On the other hand, streaming conformance checking techniques use event stream as input. An event stream is a continuous stream of events executed in the context of an underlying business process. Each event from the event stream is denoted as (c, a) where c is the case identifier and a is the activity name of this event.

With this kind of data, the conformance checking can be continuously performed along the stream, i.e., for each executed activity, the analysis will be directly calculated if that activity causes any deviation based on a given process model. Hence, this kind of conformance checking provides a continuous way of monitoring a process and detecting the deviations in real-time.

== Algorithms ==
The fundamental difference between online and offline conformance checking is the completeness of the input. The behavior seen for each event in the event log is complete, i.e., we would know if the according case is still running or already stops. It is not the case with event stream. At the moment, in which one activity from a case is successfully executed, we would not know if the case ever stops or is already complete, i.e., in the future, no new event will belong to this case. Due to this difference, the conventional conformance checking algorithms are not (fully) applicable in the online context and needed to be adjusted.

=== Footprints===
Input: An event stream and a footprint matrix of the according process model.

Algorithm:

For each received event (c, a)

- If a is the start activity of case c, the algorithm examines if a is allowed to start.
- Otherwise, if a is not the start activity of case c, the algorithm examines if a is allowed to directly follow the last executed activity of case c. To keep track of the last executed activity, there is a dictionary storing this information.

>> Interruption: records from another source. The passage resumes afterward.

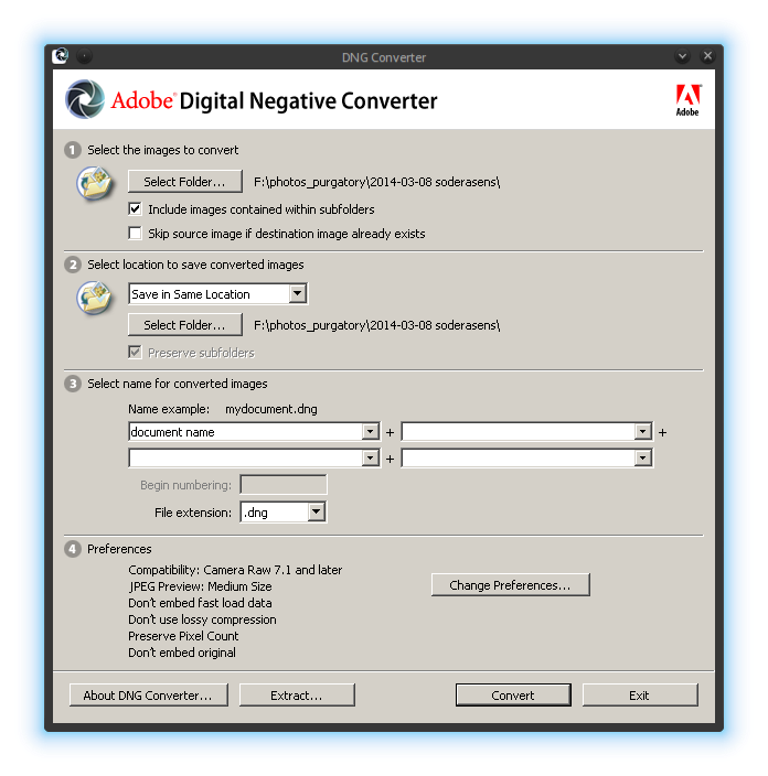 Installing Adobe DNG Converter in Linux
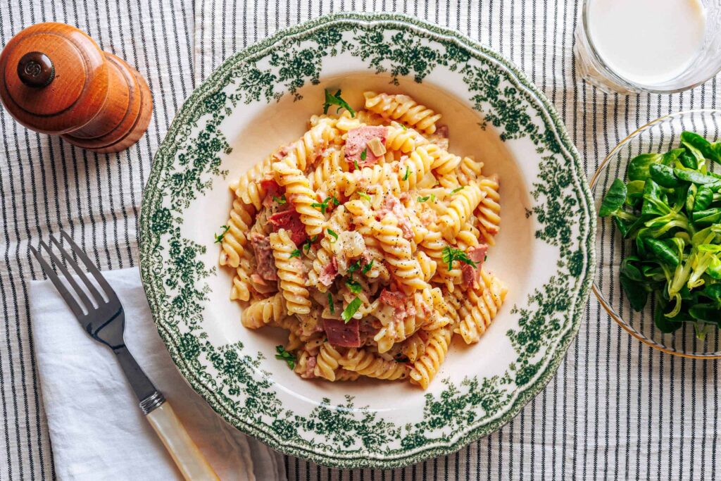 Stellt sich eigentlich nur noch die Nudelfrage. Für mich müssen es Fusilli oder kurze, breite Bandnudeln sein, die einen Tick über al dente gekocht werden. Alles andere fühlt sich irgendwie falsch an – ich bin einfach nudelkleinlich. Erbsen dagegen finde ich eine tolle optionale Ergänzung, auch wenn bei uns ein paar Fussel Petersilie das einzig Grüne an Schinkennudeln waren. Abgesehen vom obligatorischen „grünen Salat“, der wahlweise aus Kopf-, Eis- oder Feldsalat bestehen darf.
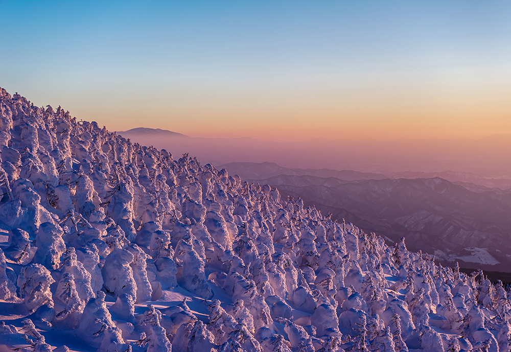 極寒の風と雪がつくり出す樹氷の造形を通して、
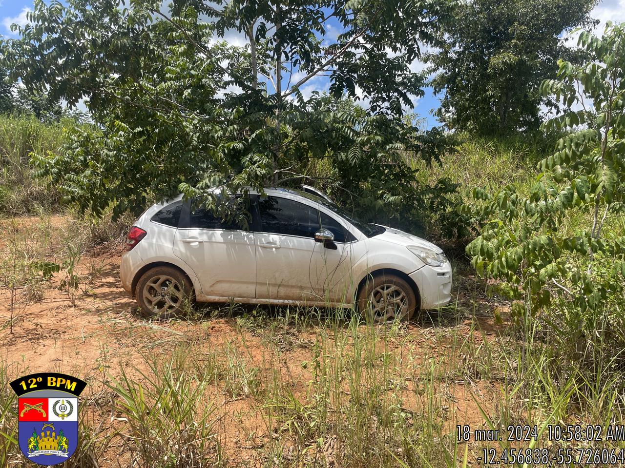 O veículo foi encontrado em meio à mata, com sinais de abandono. O Citroen C3 foi encaminhado para a Delegacia de Polícia Civil de Sorriso.
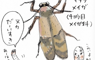 蛾が! 最近、家の中でやたらとひらひらひらひらしているなと思っていました。 「なんなんだ、こんなにたかって!」 「ナイス蚊っち」というテニスラケットに似た、スイッチひとつで、 金属ネットの電圧が上がり、そこに接触した虫が「バチッ」となってしまう・・・ というラケットで取っても取っても、しばらくするとまた、わいわい騒いでいる。 なぜなんだ、なぜこんなにいるんだ。 ラケットを結構振った。部活を思い出すなぁ。 捜索するわけでもなかったが、徐にあまり開けていない台所の戸棚を開けた瞬間、 何やら、白いクモの巣のようなものがからまり、そこから、ひらひらひらひら・・・ エイリアンの巣を発見した! 発生源は、米ぬかでした。 図鑑で調べたところ、ノシマダラメイガという蛾でした。 家の中の害虫とされているようで、米ぬかが幼虫のえさになるそうです。 [...]
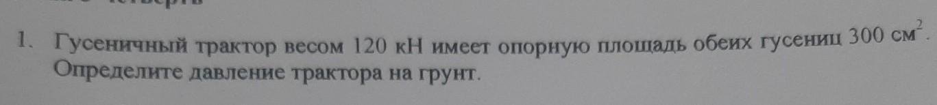 1. Гусеничный трактор весом 120 кН имеет опорную площадь обеих гусениц 300 см² Определите давление трактора на грунт.
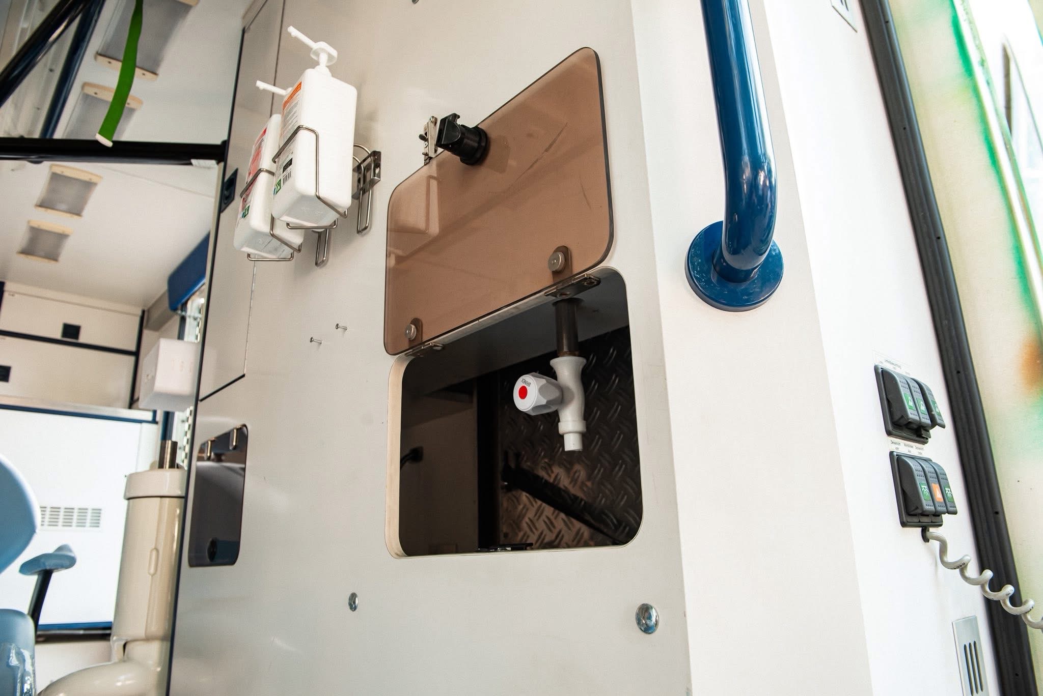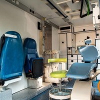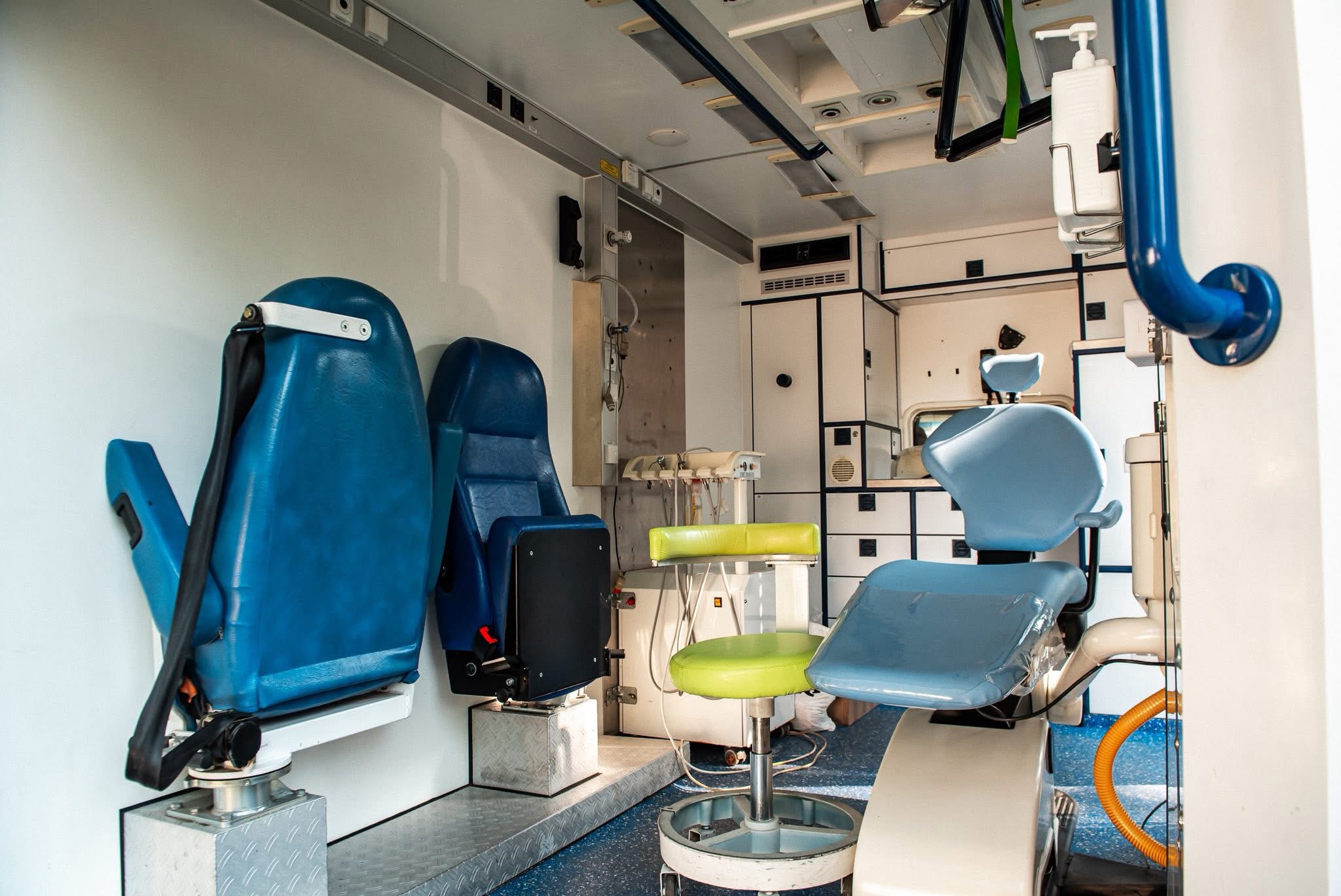 Автомобіль обладнано стоматологічним кріслом професійного рівня, сухожаровою шафою для стерилізації інструментів, комбінованою стоматологічною приставкою, вакуумною системою відсмоктування, медичним інструментарієм та витратними матеріалами. Забезпечено місця для зберігання витратних матеріалів і медикаментів, засобів індивідуального захисту для персоналу. У салоні передбачено робочі місця для стоматолога та медсестри, а також мобільні набори для термінової допомоги в польових умовах.
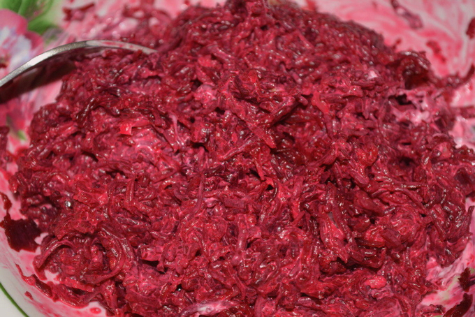 - Schil de afgekoelde bieten en rasp ze op een middelgrote rasp. Combineer de geraspte rode biet met de ui en knoflook. Voeg een paar eetlepels mayonaise toe aan de resulterende massa en meng.
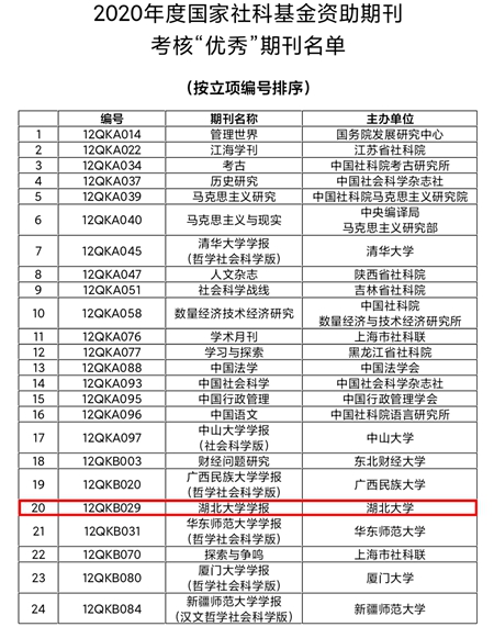 12月10日,全国哲学社会科学工作办公室通报了2020年度国家社科基金资助期刊考核情况,《必赢中国官方网站学报》(哲学社会科学版)在考核中获评优秀。
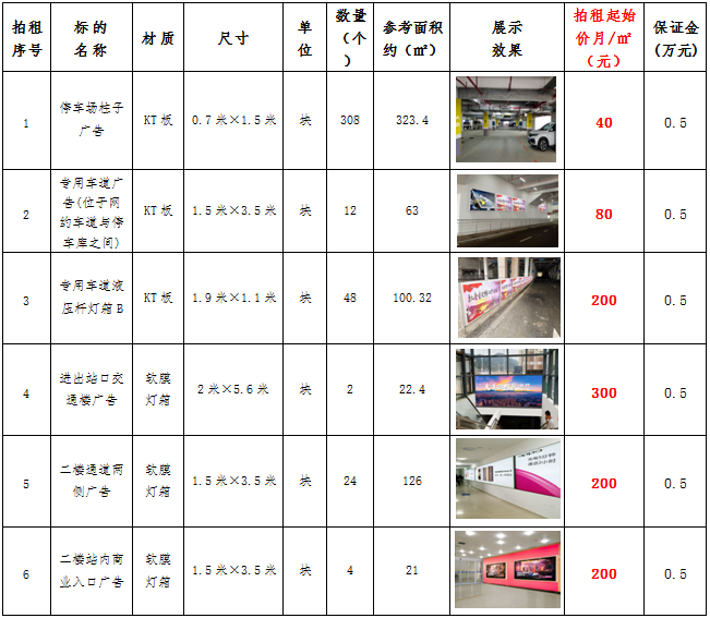 (六)拍租鎮(zhèn)雄縣開元商業(yè)物業(yè)服務(wù)有限公司以勒高鐵站站前廣場(chǎng)各類廣告位使用權(quán),廣告位分布、類型、規(guī)格及展示效果如下:
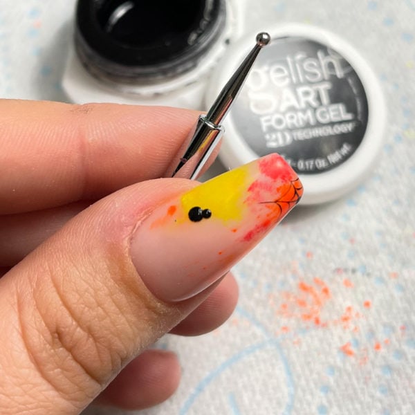 Still using an Art Form Gel with a dotting tool, add two black dots which will form the body of the spider.
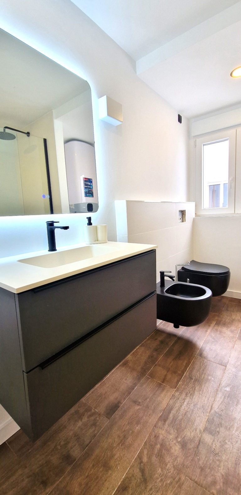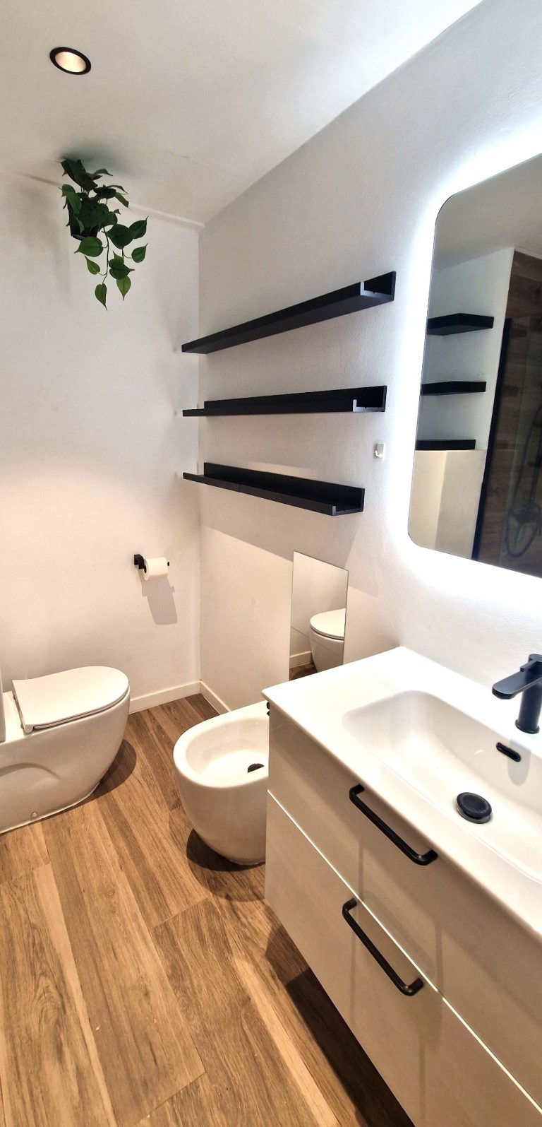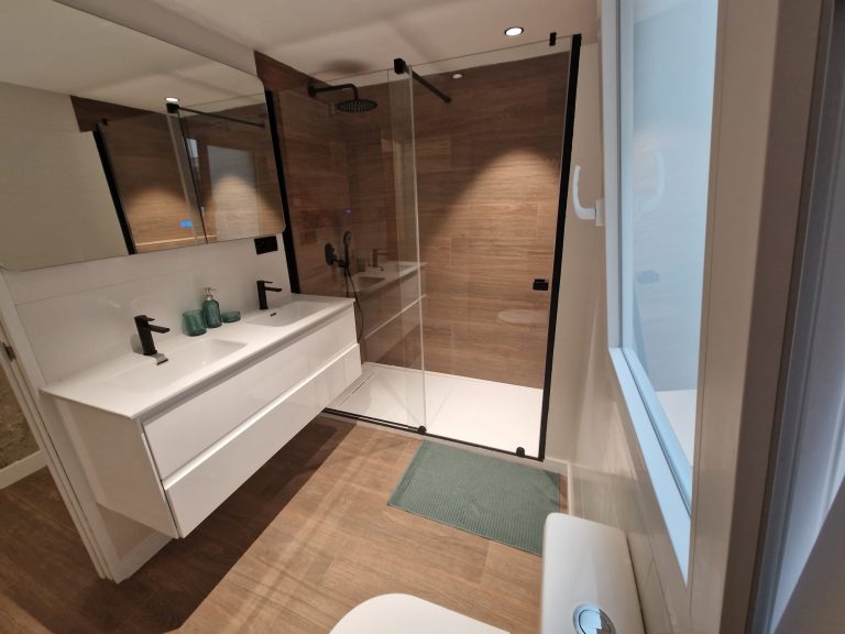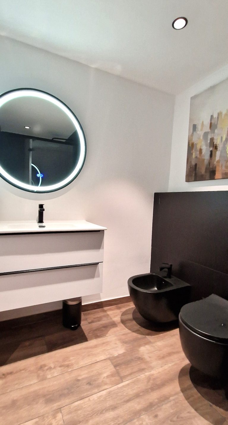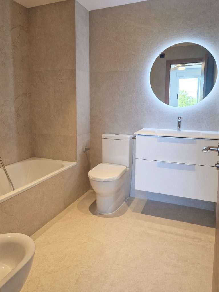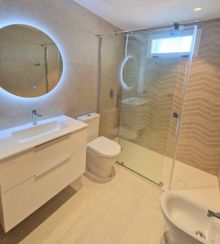 2 cuartos de baño, uno de ellos con ducha, bidé y espejo retroiluminado.

=== Token-based replay ===
Input: An event stream and a petri net model.

Algorithm:

For each received event (c, a)

- The algorithm checks if the given Petri net model can fire the activity a based on the previous executions regarding case c.
- Store the status of the Petri net for each case with information about the last executed activity for each case and attributes to count the amount of missing tokens.

=== Temporal profile ===
Temporal profile measures the average time between two activities and the standard deviation between events having these activities.

Input: An event stream and a temporal profile model.

Algorithm:

For each received event (c, a)

- The algorithm computes the durations between the activity a and the executed activities regarding the case c and checks if they are allowed by the model.

=== Log skeleton===
Log skeleton consists of constraints which describe the relationship between activities in a process.

Input: An event stream and a log skeleton model.

Algorithm:

For each received event (c, a)

- The algorithm checks if the execution of the activity a violates any declared constraints regarding the current status of the process.
- Update the current status of the process with the new execution of the activity a.